Intelligente Abtausteuerung ermöglicht Energieeinsparung bis 40 %
Abtauung mit KI und Echtzeit-Eisdetektion: Technische Umsetzung und Praxiserfahrungen
Kühlräume und Froster in der Lebensmittelindustrie arbeiten nahe oder unter dem Gefrierpunkt. Eisbildung an den Wärmeübertragern/Verdampfern ist daher ein alltägliches Problem, welches nicht nur eine ineffiziente Wärmeübertragung verursacht, sondern auch durch thermische Ausdehnung mechanische Schäden und Kühlmittelleckagen hervorrufen kann. Doch wie kann man das Vorhandensein einer Eisschicht zuverlässig detektieren und die notwendige Abtauung intelligent und energieeffizient gestalten?

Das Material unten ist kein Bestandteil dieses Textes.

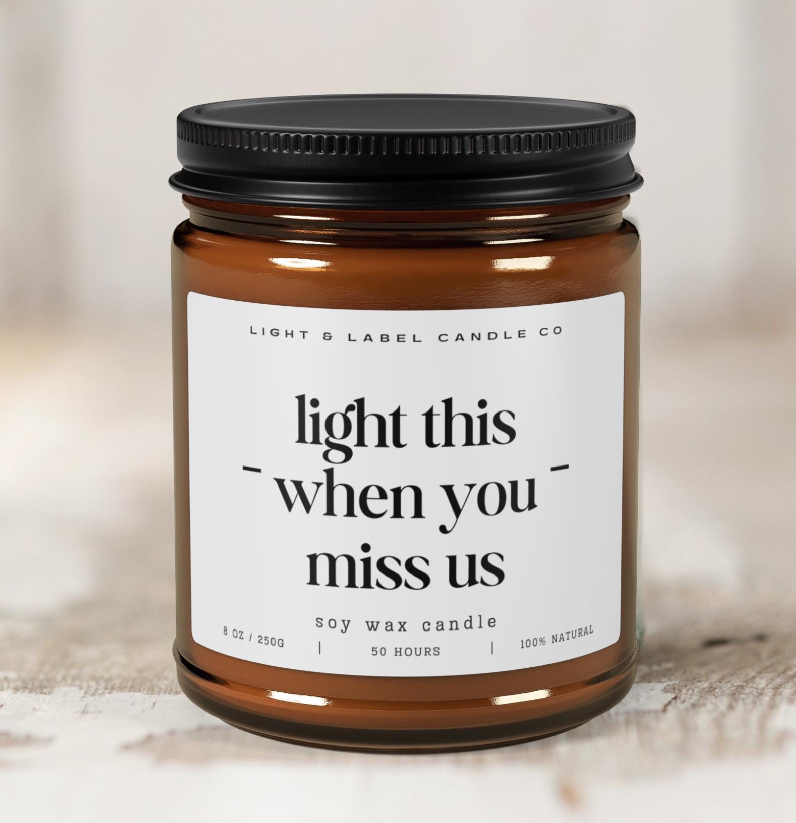 Light This When You Miss Us Candle, Moving Gift, Farewell Candle, Long Distance Gift, Goodbye Gift, Boyfriend Girlfriend Gift - Amber Candle
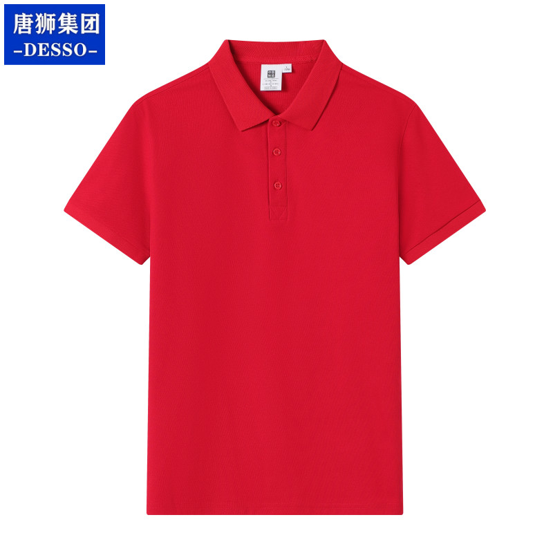 夏季短袖T恤男女同款纯棉翻领大红纯色宽松休闲POLO衫团体服定制
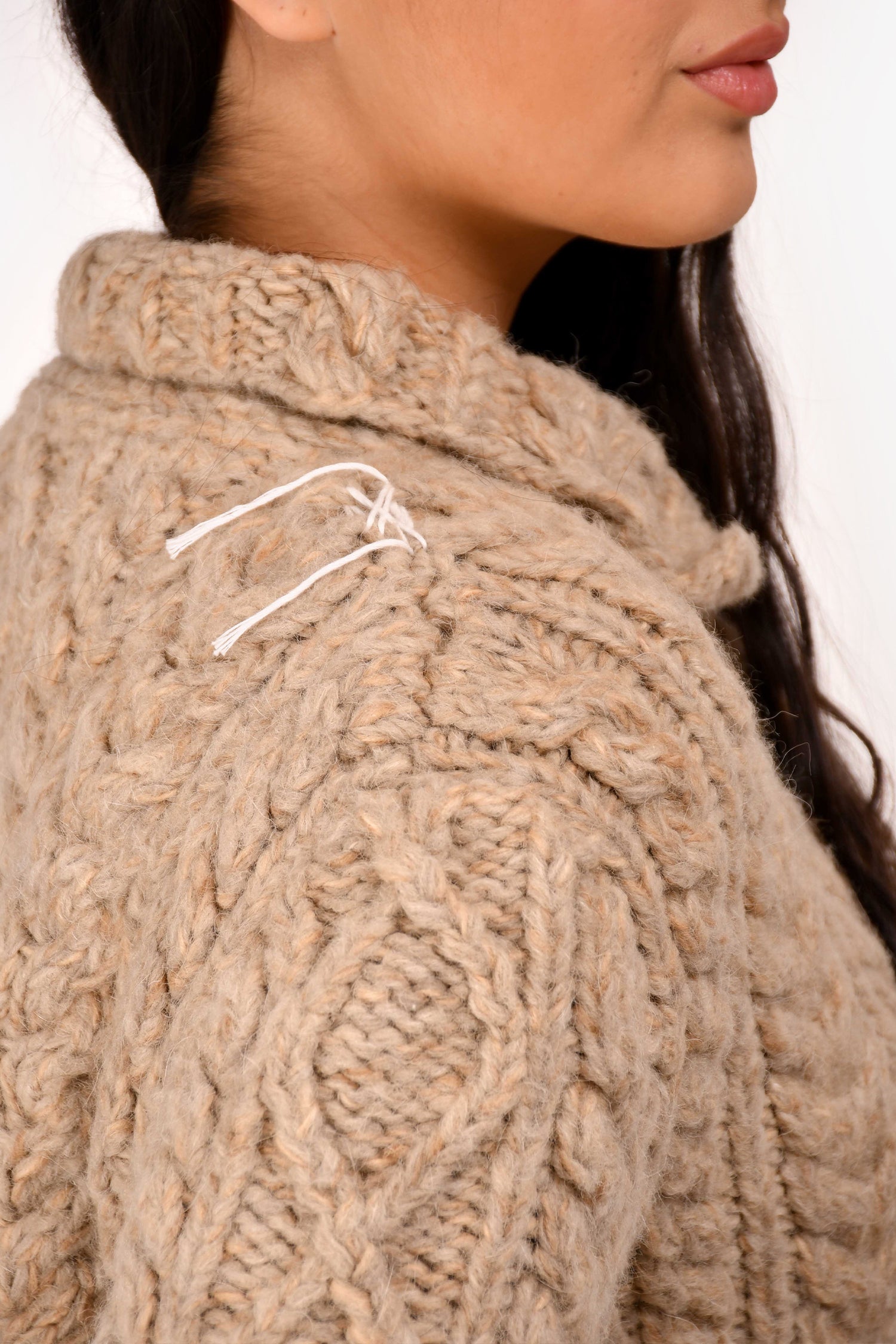 Refresh availabilityMaison Margiela 2021 Beige Alpaca/Wool Knit Turtle Neck Cardigan. Button down closure. Unlined interior. Tonal stitching.

Zeitgesteuerte Abtauungen sind ineffizient
Abtauen nach Zeitschaltuhr oder festen Intervallen, deren Zeitpunkt und Dauer nach Erfahrungswerten des Kälteanlagenbauers in die Anlagensteuerung fest einprogrammiert wird, können nicht alle Eventualitäten im realen Betrieb berücksichtigen. Was passiert genau bei einer Abtauung? Im Idealfall soll die Wärme des Abtausystems direkt in das Eis gelangen, es auf 0 °C erwärmen und schmelzen, sowie das Schmelzwasser aus dem Kühlraum abführen. Die technische Realität ist viel komplizierter: Der Wärmeübertrager ist – wenn überhaupt – nicht gleichmäßig mit Eis bedeckt, die Wärmeverteilung des Abtausystems ist ungleichmäßig, und unregelmäßig offenstehende Türen im Kühlraum tragen ständig neue warme feuchte Luft in das System ein.
Eine zeitgesteuerte Abtauung wird somit immer entweder zu viel oder zu wenig abtauen. Wird zu viel abgetaut, erwärmt man einen Kühlraum, der eigentlich kalt sein soll, und verschwendet Energie. Wird zu wenig abgetaut, bildet sich sehr viel Eis, was unkontrolliert wächst sowie thermische Verluste und Schäden verursacht.
Direkte Eisdetektion macht Kältetechnik smarter
Materialtechnisch ist Eis an Verdampfern ein Werkstoff, der sehr nah an seiner Schmelztemperatur operiert. Seine mikrophysikalischen Eigenschaften sind sehr komplex und gleich mehrere Messprinzipien mussten geschickt kombiniert werden, um eine direkte Eisdetektion zu ermöglichen. Coldsense Technologies aus Hamburg ist es gelungen, die Vermessung von elektromagnetischem Feld, Temperatur und Wärmeflüssen zu einem industriellen Eissensor zu vereinen. Er prüft das Vorhandensein von Eis, misst die Eisdicke und kann zwischen Wasser und Eis unterscheiden. Sowohl Abtaustart als auch Abtaudauer können damit viel besser optimiert
werden.
Eine einfache Detektion über Temperaturfühler, wie es bei der Bedarfsabtaung oft der Fall ist, führt zu Fehlinterpretationen. Solche Paketfühler können nicht unterscheiden, ob ein Temperaturanstieg aus offenen Türen, Eisbildung oder Störungen im Expansionsventil herrührt.
Das Nutzerverhalten muss berücksichtigt werden
Noch besser wird die Vorhersage der Eisbildung, wenn das Nutzerverhalten des Kühlraums oder Frosters berücksichtigt wird. Dazu gehören insbesondere Informationen zu Türöffnungen, Temperaturverteilung im Raum, sowie speziell bei Frostern der Produktdurchsatz.
Abbildung 1 veranschaulicht die Auswirkung des Nutzerverhaltens auf den Stromverbrauch einer Kälteanlage. Jeder Datenpunkt repräsentiert den Stromverbrauch pro Tag bei einer mittleren Außentemperatur aus Wetterdaten. Bei reiner Wetterabhängigkeit der Kälteanlage würde man nur einen Kurvenverlauf erkennen.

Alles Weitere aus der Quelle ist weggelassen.